A simple implementation of an INI file reader using the boost::spirit framework.

Introduction

This article details the usage of the spirit framework being used as the parser for a simple library that reads and writes INI files. It is not intended as a crash course in parsing or using the spirit library, but it can be used as an example for such purposes.

Background

Applications usually require some means of storing/retrieving configuration data; on UNIX system it is customary to use configuration files, on Microsoft Windows, the registry is most commonly used. However, sometimes this can be inconvenient as registry cannot be treated as a file, so backup, sharing, source control systems can have problems dealing with it. Using a configuration file can solve those problems, but there is no painless way of doing that - while writing the settings can be done easily, reading them back might become a problem if the file will be user edited.

The problem with reading usually lies in white spaces, comments and optional items in the file structure that can make the parsing code obscure and difficult to maintain. Therefore, the need of a specialized parser is quite obvious when one takes into account ease of maintenance.
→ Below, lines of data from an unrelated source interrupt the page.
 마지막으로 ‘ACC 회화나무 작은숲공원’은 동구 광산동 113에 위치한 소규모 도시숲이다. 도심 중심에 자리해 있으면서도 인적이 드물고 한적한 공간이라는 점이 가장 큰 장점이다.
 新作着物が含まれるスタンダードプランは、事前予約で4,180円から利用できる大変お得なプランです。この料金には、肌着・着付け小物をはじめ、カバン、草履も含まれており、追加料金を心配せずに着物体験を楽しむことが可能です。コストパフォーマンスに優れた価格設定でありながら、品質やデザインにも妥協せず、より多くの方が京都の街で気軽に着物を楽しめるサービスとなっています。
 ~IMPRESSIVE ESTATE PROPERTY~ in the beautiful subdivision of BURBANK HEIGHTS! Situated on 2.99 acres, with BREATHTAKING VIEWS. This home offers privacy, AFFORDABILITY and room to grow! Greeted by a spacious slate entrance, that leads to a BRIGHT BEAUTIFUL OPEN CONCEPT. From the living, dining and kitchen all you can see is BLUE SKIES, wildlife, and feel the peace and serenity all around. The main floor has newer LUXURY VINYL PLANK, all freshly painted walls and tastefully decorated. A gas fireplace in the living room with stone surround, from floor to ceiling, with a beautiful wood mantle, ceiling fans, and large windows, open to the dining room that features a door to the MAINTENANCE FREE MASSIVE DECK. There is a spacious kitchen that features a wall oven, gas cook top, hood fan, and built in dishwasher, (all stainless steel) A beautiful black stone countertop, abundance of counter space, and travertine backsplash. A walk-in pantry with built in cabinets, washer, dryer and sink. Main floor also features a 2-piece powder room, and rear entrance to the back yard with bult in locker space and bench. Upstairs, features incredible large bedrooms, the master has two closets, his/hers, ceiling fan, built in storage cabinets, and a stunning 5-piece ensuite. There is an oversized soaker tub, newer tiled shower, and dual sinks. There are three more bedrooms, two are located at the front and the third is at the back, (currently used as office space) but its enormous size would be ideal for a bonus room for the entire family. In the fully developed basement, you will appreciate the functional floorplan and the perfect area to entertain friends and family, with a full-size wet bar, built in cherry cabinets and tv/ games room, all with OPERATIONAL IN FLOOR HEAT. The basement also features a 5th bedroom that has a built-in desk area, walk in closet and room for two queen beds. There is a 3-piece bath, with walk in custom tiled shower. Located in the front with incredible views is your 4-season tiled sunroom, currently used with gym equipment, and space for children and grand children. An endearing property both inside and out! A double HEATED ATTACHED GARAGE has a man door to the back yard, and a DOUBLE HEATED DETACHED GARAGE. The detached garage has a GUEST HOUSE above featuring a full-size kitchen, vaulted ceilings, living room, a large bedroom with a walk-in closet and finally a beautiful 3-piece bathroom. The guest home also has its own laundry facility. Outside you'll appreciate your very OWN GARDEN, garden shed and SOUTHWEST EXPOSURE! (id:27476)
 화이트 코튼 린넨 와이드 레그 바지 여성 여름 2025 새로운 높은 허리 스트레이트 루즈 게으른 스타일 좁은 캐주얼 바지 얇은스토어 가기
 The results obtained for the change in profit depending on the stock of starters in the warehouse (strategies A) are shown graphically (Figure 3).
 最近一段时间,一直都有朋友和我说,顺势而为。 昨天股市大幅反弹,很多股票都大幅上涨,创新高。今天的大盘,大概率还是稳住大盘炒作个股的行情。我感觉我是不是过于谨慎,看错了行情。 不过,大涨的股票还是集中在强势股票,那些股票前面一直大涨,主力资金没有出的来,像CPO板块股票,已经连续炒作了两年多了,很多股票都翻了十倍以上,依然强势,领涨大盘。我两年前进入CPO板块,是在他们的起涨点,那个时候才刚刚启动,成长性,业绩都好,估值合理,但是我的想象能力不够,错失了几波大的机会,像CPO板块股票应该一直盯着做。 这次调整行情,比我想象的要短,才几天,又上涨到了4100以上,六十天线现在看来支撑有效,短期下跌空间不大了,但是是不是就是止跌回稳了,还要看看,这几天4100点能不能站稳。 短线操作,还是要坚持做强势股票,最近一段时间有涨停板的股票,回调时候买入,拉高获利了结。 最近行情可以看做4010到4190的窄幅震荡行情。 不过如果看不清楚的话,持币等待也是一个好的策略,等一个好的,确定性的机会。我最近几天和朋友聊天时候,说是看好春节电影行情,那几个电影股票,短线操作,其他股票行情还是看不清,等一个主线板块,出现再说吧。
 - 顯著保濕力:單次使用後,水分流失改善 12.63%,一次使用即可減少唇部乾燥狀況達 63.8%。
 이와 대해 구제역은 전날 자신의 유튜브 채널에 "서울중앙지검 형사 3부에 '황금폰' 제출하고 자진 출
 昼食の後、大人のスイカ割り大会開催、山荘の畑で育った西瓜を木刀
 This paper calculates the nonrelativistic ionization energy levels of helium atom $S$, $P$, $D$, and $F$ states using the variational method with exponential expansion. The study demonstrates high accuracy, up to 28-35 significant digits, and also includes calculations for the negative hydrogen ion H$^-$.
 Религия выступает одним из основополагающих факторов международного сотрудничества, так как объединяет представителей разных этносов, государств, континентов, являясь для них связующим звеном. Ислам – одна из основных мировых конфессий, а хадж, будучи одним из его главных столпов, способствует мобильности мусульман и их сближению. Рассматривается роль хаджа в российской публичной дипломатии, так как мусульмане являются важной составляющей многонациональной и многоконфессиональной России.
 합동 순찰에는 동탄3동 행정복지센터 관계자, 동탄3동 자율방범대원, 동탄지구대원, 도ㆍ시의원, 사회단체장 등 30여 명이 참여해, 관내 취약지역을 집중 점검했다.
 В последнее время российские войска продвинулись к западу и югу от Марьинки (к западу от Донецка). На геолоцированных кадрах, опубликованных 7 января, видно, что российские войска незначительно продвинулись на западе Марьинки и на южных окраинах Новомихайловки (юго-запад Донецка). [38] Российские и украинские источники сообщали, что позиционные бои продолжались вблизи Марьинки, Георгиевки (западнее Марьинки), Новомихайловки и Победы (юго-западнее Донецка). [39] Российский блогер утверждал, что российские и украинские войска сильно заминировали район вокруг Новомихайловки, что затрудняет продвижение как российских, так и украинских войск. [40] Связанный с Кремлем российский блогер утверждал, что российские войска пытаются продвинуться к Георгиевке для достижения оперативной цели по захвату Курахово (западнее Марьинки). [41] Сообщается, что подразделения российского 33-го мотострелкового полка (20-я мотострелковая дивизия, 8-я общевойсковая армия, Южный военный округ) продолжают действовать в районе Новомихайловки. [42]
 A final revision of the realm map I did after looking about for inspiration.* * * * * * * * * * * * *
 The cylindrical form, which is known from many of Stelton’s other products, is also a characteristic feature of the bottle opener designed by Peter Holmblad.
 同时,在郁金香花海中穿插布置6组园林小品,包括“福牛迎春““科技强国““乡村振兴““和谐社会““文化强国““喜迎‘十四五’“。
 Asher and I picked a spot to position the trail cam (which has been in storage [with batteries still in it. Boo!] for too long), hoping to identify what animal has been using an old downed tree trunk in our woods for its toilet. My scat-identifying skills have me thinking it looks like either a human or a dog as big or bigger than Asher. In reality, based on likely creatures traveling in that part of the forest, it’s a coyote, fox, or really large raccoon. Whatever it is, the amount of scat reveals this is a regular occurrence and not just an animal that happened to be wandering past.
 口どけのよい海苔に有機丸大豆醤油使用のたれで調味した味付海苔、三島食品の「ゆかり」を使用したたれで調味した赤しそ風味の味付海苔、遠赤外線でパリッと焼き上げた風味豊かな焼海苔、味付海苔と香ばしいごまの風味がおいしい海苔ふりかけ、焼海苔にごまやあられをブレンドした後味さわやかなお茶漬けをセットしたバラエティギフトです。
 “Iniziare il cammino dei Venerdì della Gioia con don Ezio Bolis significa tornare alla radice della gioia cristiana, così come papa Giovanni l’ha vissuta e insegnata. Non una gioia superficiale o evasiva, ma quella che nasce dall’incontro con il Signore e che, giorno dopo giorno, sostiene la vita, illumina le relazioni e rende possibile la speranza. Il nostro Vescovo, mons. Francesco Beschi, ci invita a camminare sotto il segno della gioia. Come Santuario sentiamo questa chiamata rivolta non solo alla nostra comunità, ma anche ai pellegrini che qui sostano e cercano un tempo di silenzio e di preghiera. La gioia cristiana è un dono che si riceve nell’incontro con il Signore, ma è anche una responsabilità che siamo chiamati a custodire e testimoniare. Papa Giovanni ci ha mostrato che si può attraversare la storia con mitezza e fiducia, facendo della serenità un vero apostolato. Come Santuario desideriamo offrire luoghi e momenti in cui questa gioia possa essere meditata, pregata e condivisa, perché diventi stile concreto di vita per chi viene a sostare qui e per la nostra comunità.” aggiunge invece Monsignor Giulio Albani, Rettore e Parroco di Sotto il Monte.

Probably most known parser generators are flex and yacc, however there are some others available. For this purpose we will use the spirit framework, part of the boost library. The boost::spirit framework differentiates from other parser generators by couple of features. First, it is a fully object oriented lexer and parser. It is implemented as a C++ template library, using overloaded operators to describe the grammar in a BNF like language. As the grammar is described in actual C++ code, and the parser is generated through template instantiation, there is no pre-compile step in your application to generate C code from the grammar definition, nor is any executable required for that purpose. Second, it parses LL grammars (vs. LALR(1) for lex/yacc). Third, it provides some useful predefined parsers, and as well some predefined semantic actions (called actors in spirit).

Please note that because of the heavy template usage, the spirit library is supported by only a limited number of compilers. This code was tested with Visual Studio 8. In order to compile the code you will need to download and install the boost library from here.

Requirements for the library

We'd like to have the library parse a file like the one below, being able to recognize C-style comments /* */, or line comments starting with ; # or //.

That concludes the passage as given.